Our office is fully committed to compliance with the Health Insurance Portability and Accountability
Act (HIPAA) guidelines.  Please review the following carefully.
Privacy values

  1. Our  office  will  use  and  disclose  the  minimum  necessary  amount  of  your  personal  health
    information   (P.H.I)   for   purpose   of   treatment,   meaning   the   provision,   coordination,
    management of your health care and related services.  For instance, we will use and disclose
    your  health  information  to  coordinate  benefits  with  a  third  party  payer  or  for  consultation
    between our office and a specialist if required for your care.
  2. Our office will use and disclose the minimum necessary amount of P.H.I. to obtain payment
    for  services  rendered.    Our  office  may  share  the  information  of  services  rendered  with  your
    insurer for the purposes of reimbursements.
  3. Our  office  may  use  and  disclose  the  minimum  necessary  amount  of  P.H.I  to  appropriate
    Public Health or government authorities for reasons such as, but not limited to, preventing or
    controlling  disease,  injury,  or  child  abuse  and  neglect.    Our  office  may  use  your  minimum
    necessary  amount  of  your  P.H.I  to  the  extent  necessary  to  inform  appropriate  government
    authorities if we reasonably believe you to be a victim of abuse, neglect or domestic violence.
  4. Our  office  may  use  or  disclose  the  minimum  necessary  amount  of  your  P.H.I.  to  a  health
    oversight  agency  for  oversight  activities  authorized  by  law,  such  as  for,  but  not  limited  to
    audits.
  5. Our office may use or disclose the minimum necessary amount of your P.H.I. in the course of
    any judicial or administrative proceeding if required by law to do so.  We may use or disclose
    your minimum necessary amount of your P.H.I to law enforcement agency if required by law
    to do so.
  6. Our office may use or disclose the minimum necessary amount of your P.H.I. to a coroner or
    medical  examiner  for  the  purpose  of  identifying  a  deceased  person,  determining  a  cause  of
    death or another matter authorized by law, or to funeral directors to carry out their duties with
    respect to the deceased.
  7. Our  office  will  transfer  all  of  your  information  to  Corporate  Health  in  cases  of  work-related
    injuries.
  8. Our  office  may  use  or  disclose  the  minimum  necessary  amount  of  your  P.H.I.  for  an
    investigation  by  the  United  States  Department  of  Health  and  Human  Services  Secretary  to
    determine if our office is in compliance with the HIPAA privacy regulation that requires us to
    protect your individually identifiable health information.
  9. Our  office  will  obtain  written  authorization  from  you  if  we  would  like  to  use  your  P.H.I.  for
    marketing purposes.  You have the right to revoke and authorization as long as you do so in
    writing.
  10. Our office will use and disclose the minimum necessary amount of your P.H.I. that is directly
    relevant  to  involvement  of  a  family  member,  other  relative,  or  a  close  personal  friend  or
    someone identified.  Such uses and disclosures will be made only with your permission if you
    are present, unless you are incapacitated or there is an emergency circumstance where our
    office must exercise professional judgment.
  11. Our office will use and disclose the minimum necessary amount of your P.H.I. for health care
    operations  such  as  business  planning,  auditing,  and  development  that  involves  conducting
    cost  management  and  planning  related  analysis  related  to  managing,  operating  the  entity
    including   formulary   development   and   administration,   development   or   improvement   of
    methods of payments or coverage policies.  It may be done without your written authorization.
  12. Our  office  may  use  or  disclose  the  minimum  necessary  amount  of  your  P.H.I.  if  we  believe
    doing  so  is  necessary  to  prevent  or  lessen  a  serious  and  imminent  threat  to  the  health  or
    safety of a person or the public and other specific circumstances.

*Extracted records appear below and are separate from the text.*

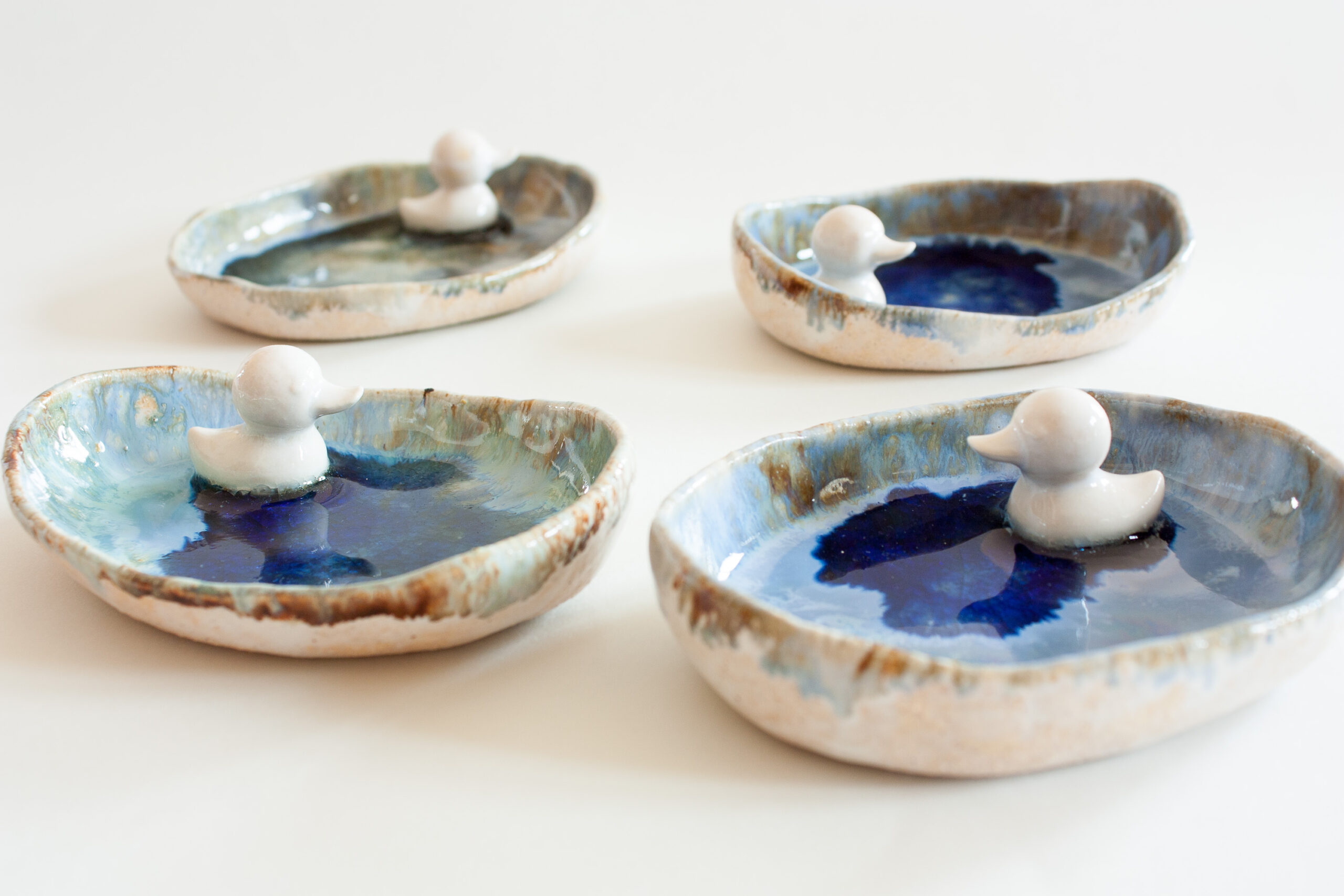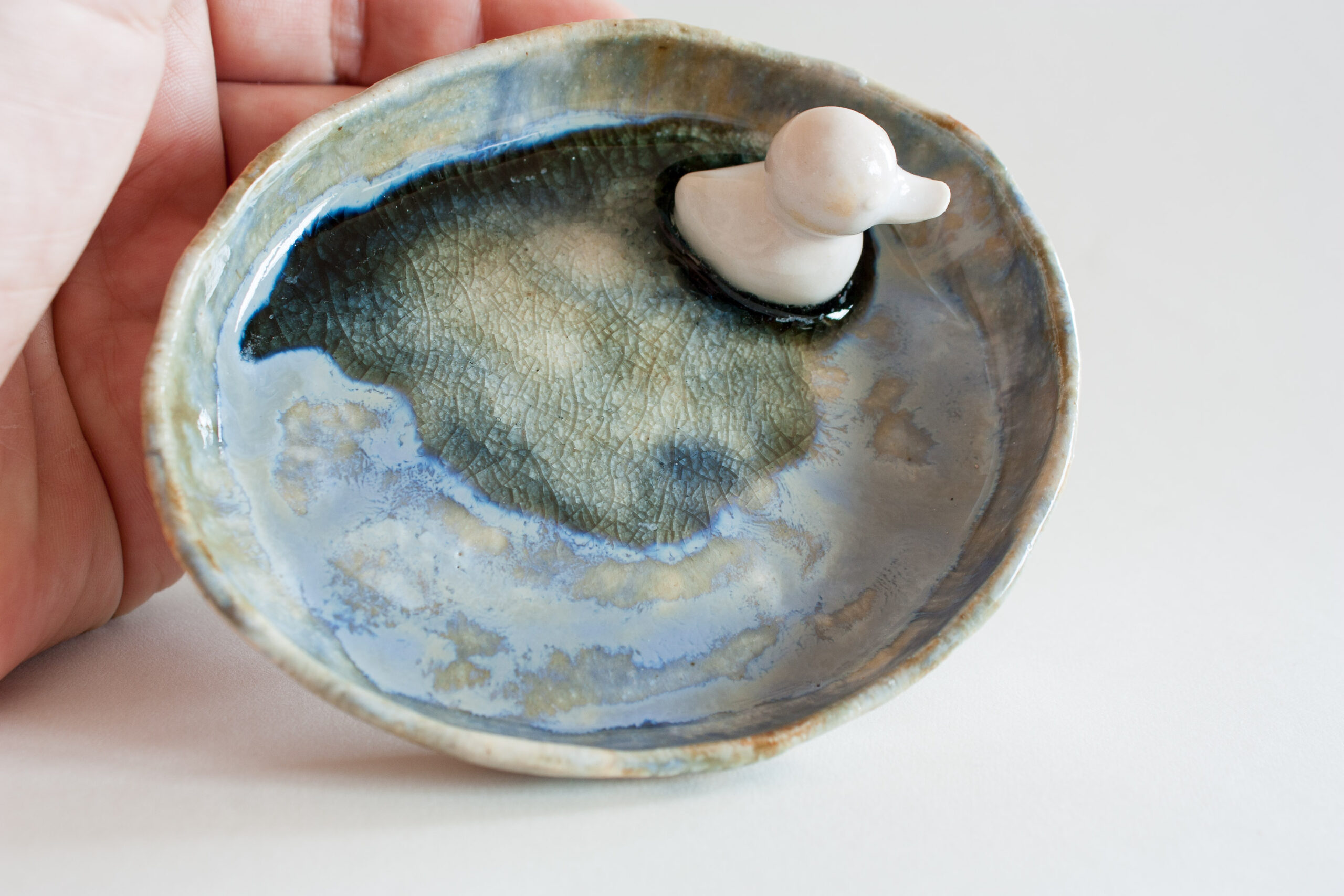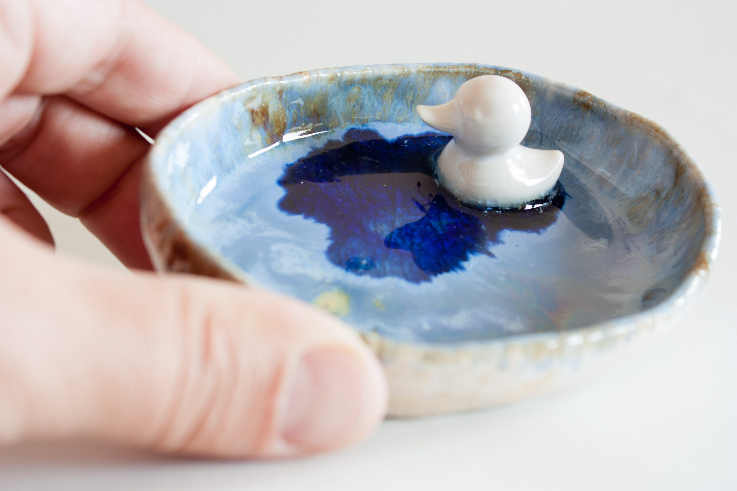 Este pequeño plato o jabonera con patito de goma realizado en cerámica le ayudará a mantener sus joyas en orden y al mismo tiempo decorará cualquier parte de la casa.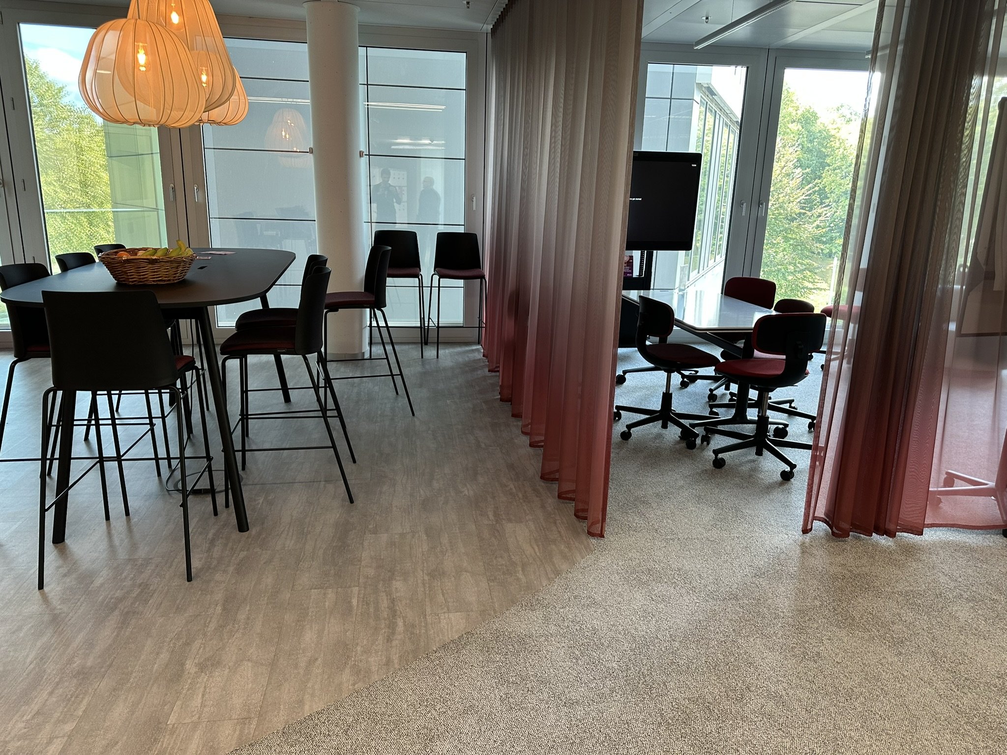 Für einen namhaften Energieversorger aus Essen wurden im Jahr 2024 insgesamt 34 Loungebereiche mit insgesamt 5400 qm an Oberbodenfläche verlegt. Zum Einsatz gekommen sind Teppichfließen und LVT der Firma Interface. Die Flächen werden auf insgesamt 17 Stockwerken verteilt von den Mitarbeitern genutzt.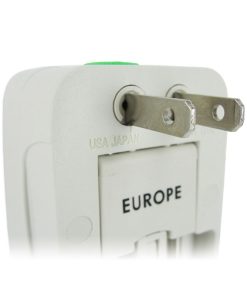 This Universal Plug Adapter and Surge Protector allows you to use your favorite plug-in toys wherever you may travel. It provides 4 different plug configurations that fit receptacles in a variety of locations around the world. Flip up the central set of prongs for European 220V outlets. Unlock the top pair of prongs for 100V – 120V outlets like those in the United States or Japan. Twist these prongs toward the center to fit Australian 240V and similar receptacles. Unlock the bottom set of prongs to accommodate 240V outlets like those used in the United Kingdom.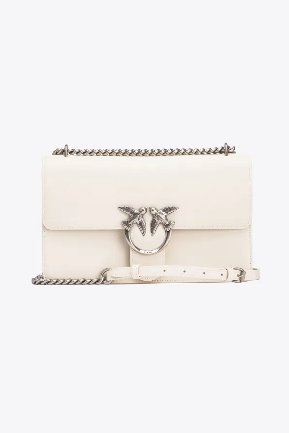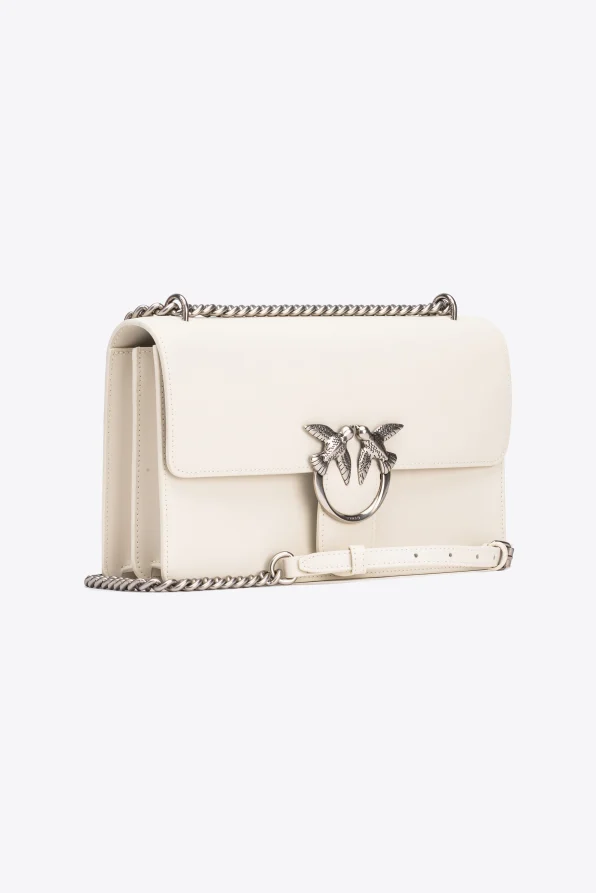 Classic Love Bag One in morbida pelle mano seta. La chiusura è completata dall’iconica fibbia in metallo Love Birds Diamond Cut in metallo. L’interno è foderato in microfibra scamosciata e comprende tramezza chiusa con zip e tasca a parete in pelle. La tracolla combina la classica catena rotonda al pratico spallaccio in pelle regolabile.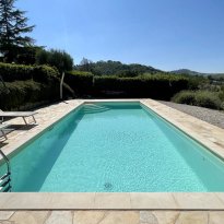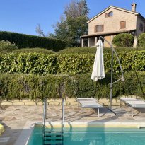 Beautifully restored traditional stone farmhouse for sale just minutes from Penna San Giovanni, set in a peaceful elevated position with stunning panoramic views over the rolling hills of Le Marche. The property features a spacious garden, private swimming pool, and elegant interiors that blend rustic charm with modern comforts, making it ideal as a family home, holiday retreat, or investment property.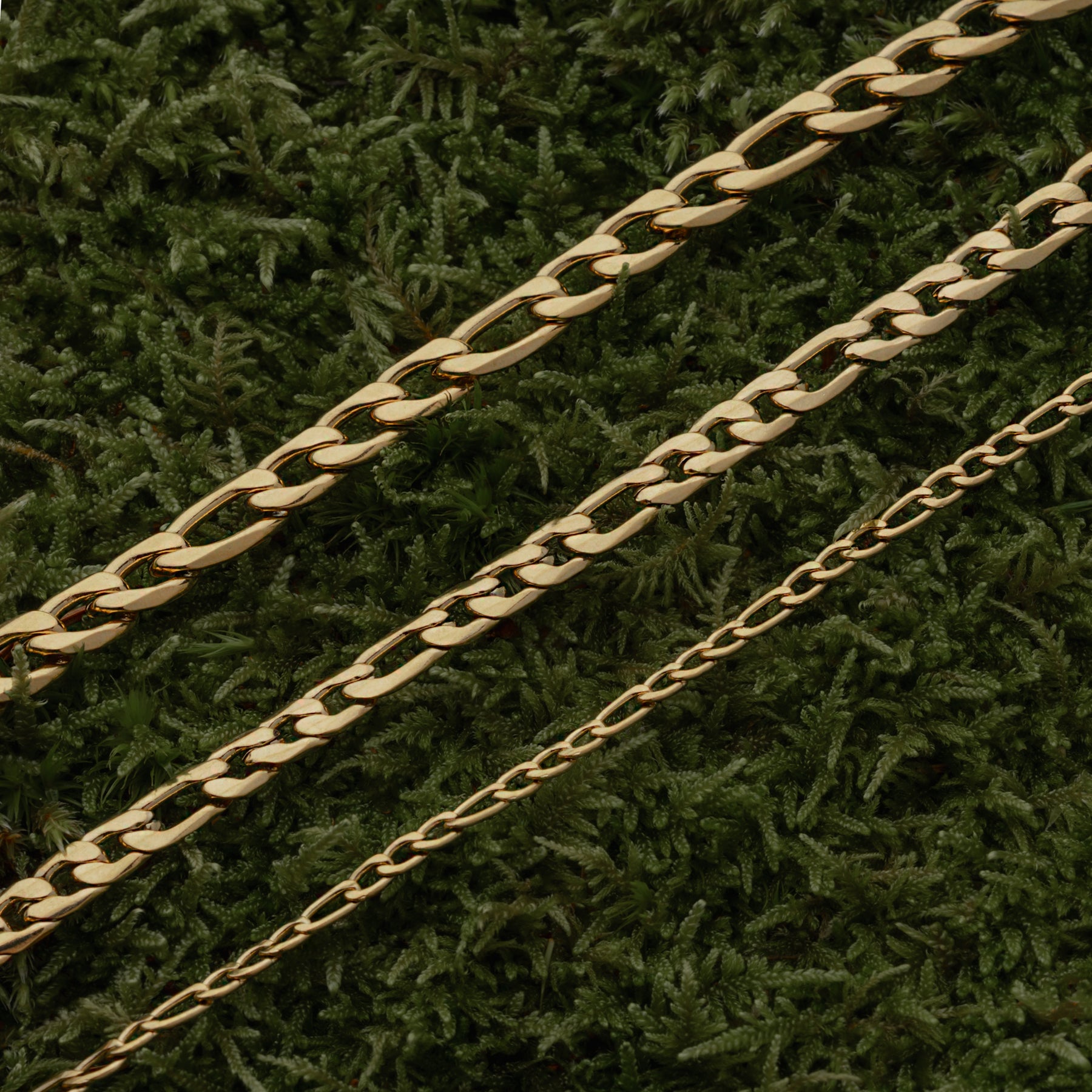 Figaro chain with a distinctive link pattern. Worn as a solitaire or with a pendant.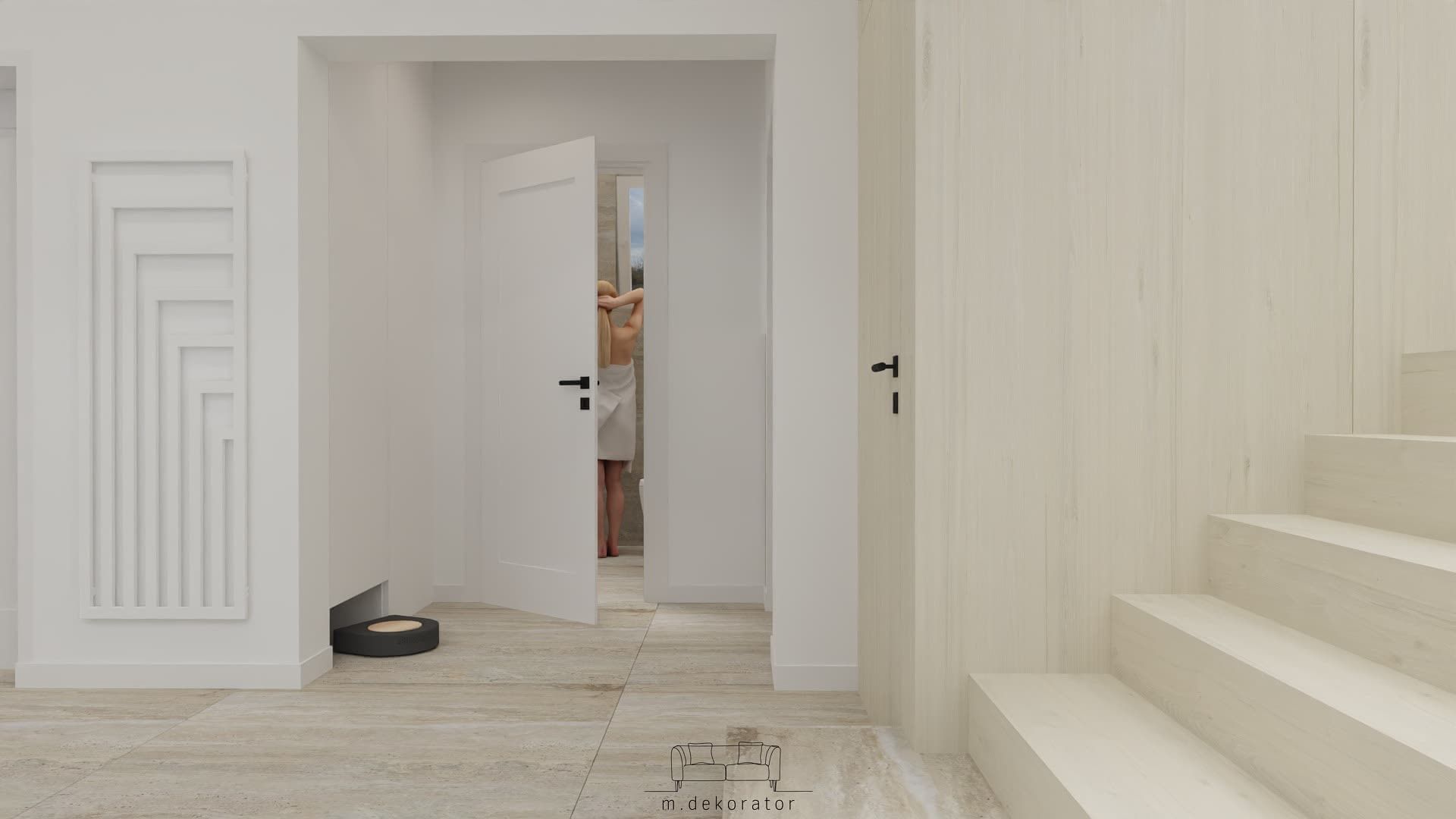 Przedpokój w stylu japandi, minimalistycznym i skandynawskim z jasnymi ścianami i drewnianą podłogą 16 zdjęć w projekcie Zobacz projekt

You have  the  right  to  inspect  or  obtain  a  copy  of  the  minimum  necessary  amount  of  your  P.H.I.
from our office.  Our office requires you to submit such requests in writing to our office management.
Our office must act on your request no later than five days after receipt of your request, unless P.H.I.
requested  is  not  maintained  or  accessible  to  our  office  on  site.    In  the  latter  case,  our  office  must
respond to your request within 15 days of your request:  you may be charged a processing fee of $25
or more.

Security of Records

  • Our office is in compliance with HIPAA guidelines as regards to maintaining security of our
    patients’ medical information and records.
  • All patients’ charts and P.H.I. are kept locked after the operating hours of business and cannot
    be accessed.
  • Patient information cannot be accessed on the computer after the operating hours.  During
    operating hours only free healthcare provider has access to that information.
  • All staff will refrain from discussing protected health information in lobby, elevators, corridors
    and public spaces.
  • P.H.I. will not be placed in public accessible places.
  • Chart to be placed face down on counters and face up backwards in the racks.

Compliance Assurance

All employees of Dix-Eureka MedCenter practice, including doctors, managers and other staff members
continually undergo training so that they may understand and comply with government rules and
regulations regarding the HIPAA with particular emphasis on “Privacy Rule.”  It is our policy to
properly determine appropriate uses of P.H.I. in accordance with the government rules, laws and
regulations.

Billing

Our office maintains our patients’ information and billing process in compliance with national
HIPAA standards.  Our billing company is HIPAA compliant.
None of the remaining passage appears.